#### Exercise input
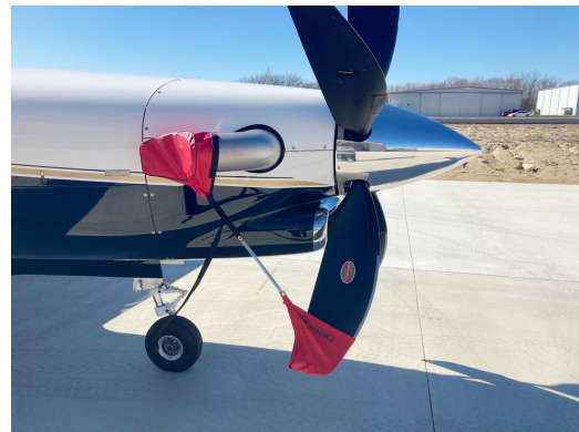
TBM 900 Prop Tie/Exhaust Covers
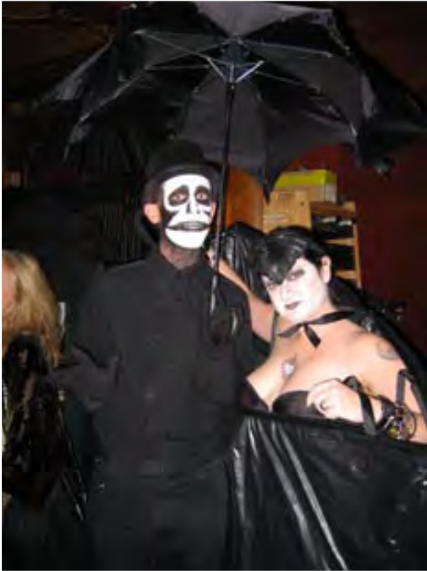
Edward Gorey Couple

Yes, as I mentioned before, this is where the worlds began colliding. I ran into people from my vintage dance community, which I expected, but I also ran into a group of folks I camped with in the Black Rock Desert. They were surprised to see me there, and so was I. But it all made sense to us as we realized we were all into non-mainstream art and culture, performance art, dance and costuming! One of them offered me a name tag with a name from one
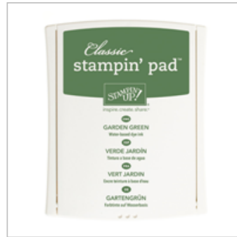
Garden Green Classic Stampin' Pad
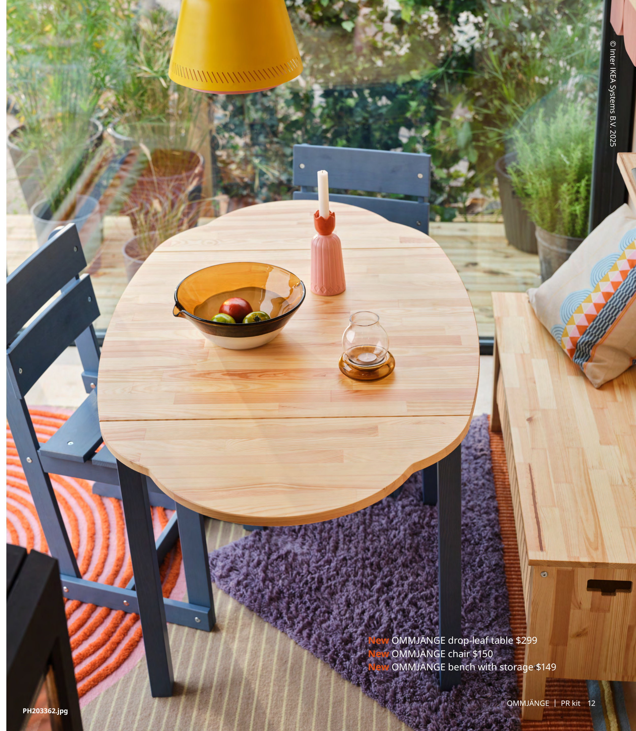
New OMMJÄNGE drop-leaf table $299 New OMMJÄNGE chair $150 New OMMJÄNGE bench with storage $149
########
Write out again, word for word, only the lines from the one with "Garden Green Classic Stampin' Pad" through the last line of the material, and omit each picture.

Expected output:
Garden Green Classic Stampin' Pad
New OMMJÄNGE drop-leaf table $299 New OMMJÄNGE chair $150 New OMMJÄNGE bench with storage $149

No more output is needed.